« Prostitution : travail, stigmatisation et salut. Des collectifs de travailleurs du sexe contre les pratiques policières »
Le pastoralisme gouvernemental s’exhibe avec éclat lorsqu’il peut masquer ses pratiques policières sous la rhétorique du salut. On sait depuis longtemps que susciter la plainte, constituer des identités à partir d’un statut de victime, est au cœur de ce que l’on nommait jadis l’Etat social.

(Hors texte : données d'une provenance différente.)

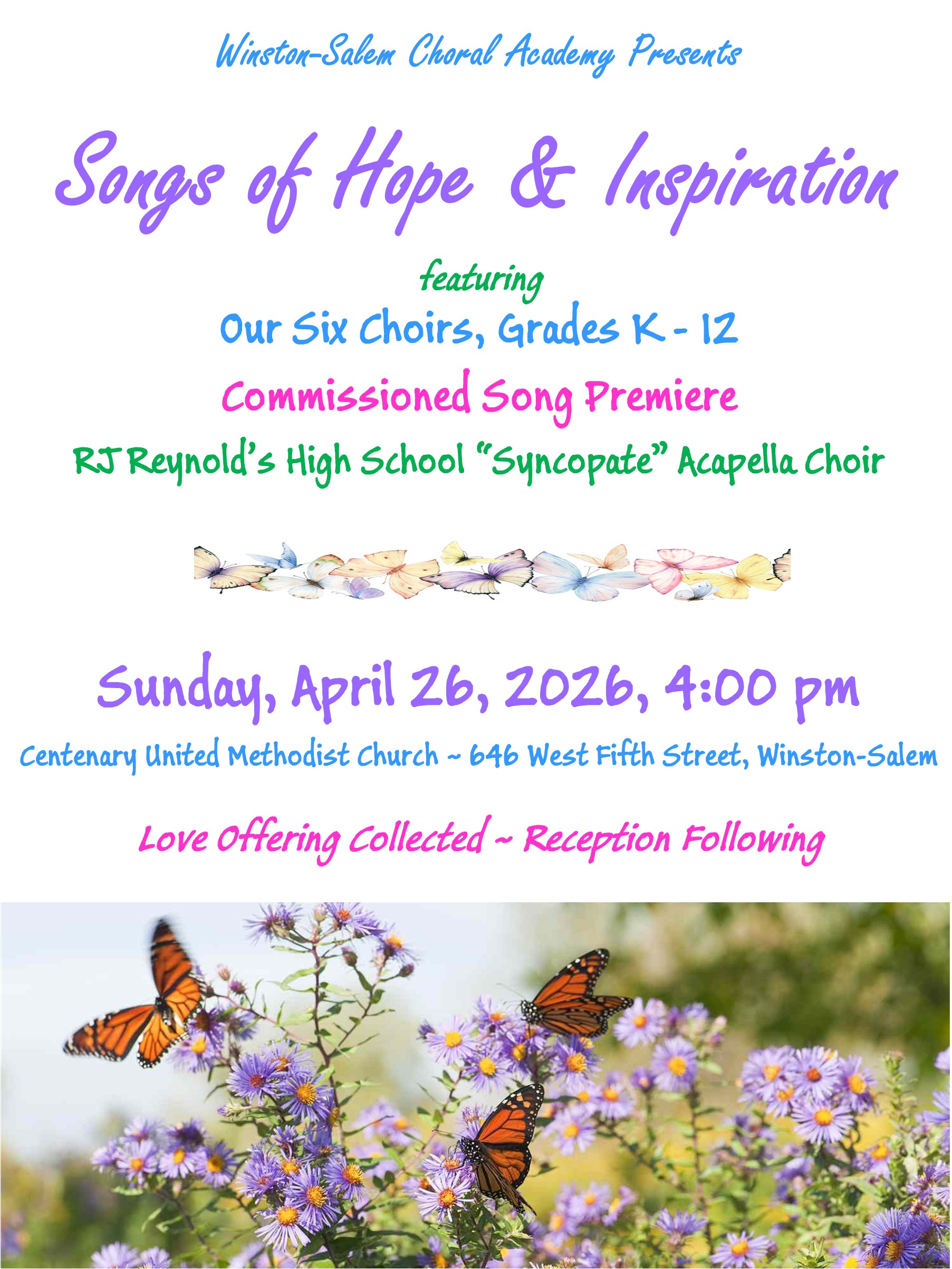 You are invited to attend our annual Spring Concert that will feature multiple choirs with singers from K – 12th grades, premiere a new song, and enjoy the RJ Reynolds High School “Synchopate” Acapella Choir as our guests.
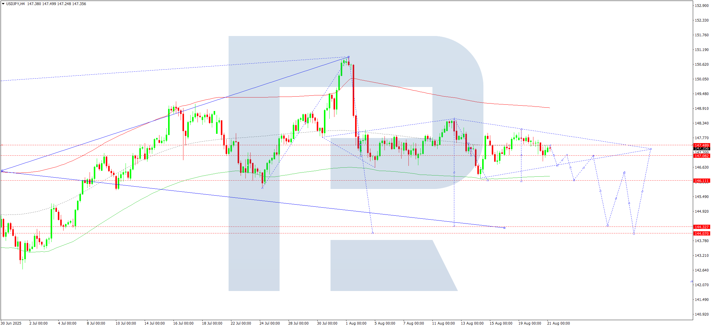 USDJPY жұбының H4 графигінде нарық 147.48 деңгейінің айналасында тар консолидациялық ауқымды дамытып жатыр. Бүгін, 2025 жылғы 21 тамызда, баға 146.11 деңгейіне дейін төмендеуі мүмкін, әрі қарай 144.33 деңгейіне дейін жалғасуы ықтимал. Осы деңгейге жеткен соң, 147.48 деңгейіне дейін жоғары толқын басталуы мүмкін.
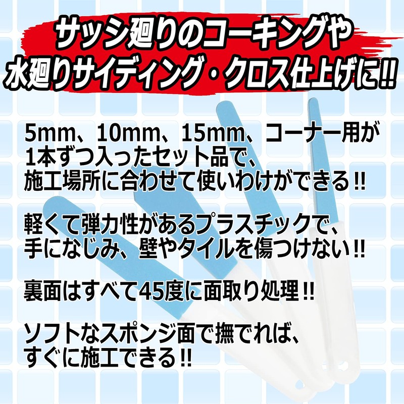 SK11 Soft Caulking Spatula Set, Set of 4, 0.2, 0.4, 0.4, 0.6 inches (5, 10, 15 mm), Corner
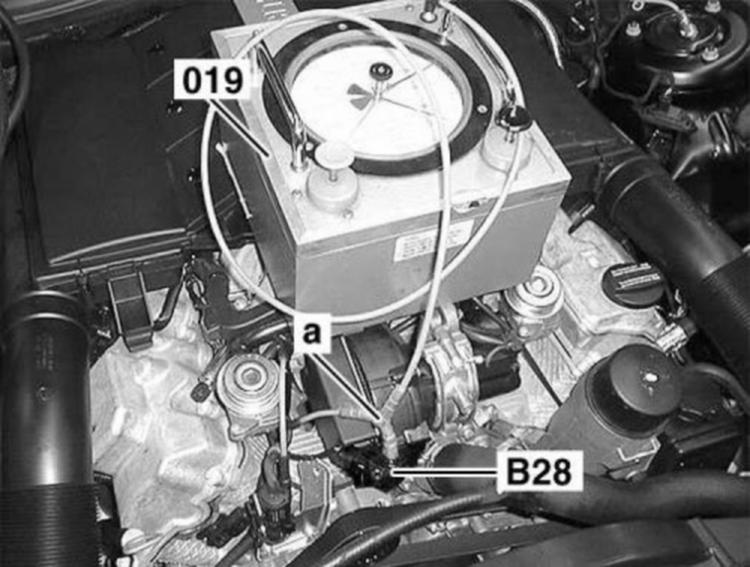 - Connect the vacuum tester to the input of component B28 (Pressure sensor) with the 3 x distributor.

Certains ont appelé ceci une « politique de la plainte ».
Pourtant, il n’est pas difficile de considérer que la prohibition des pratiques prostitutionnelles ne peut que conduire à davantage de précarité et de vulnérabilité, à une plus grande exposition aux violences (dont les violences policières) de celles et ceux qui les exercent. Par ailleurs, la pénalisation des « usagers », nous disent des travailleurs de sexe, est la très fausse bonne solution qui ne fait que produire les mêmes effets : conduire à une logique de clandestinité.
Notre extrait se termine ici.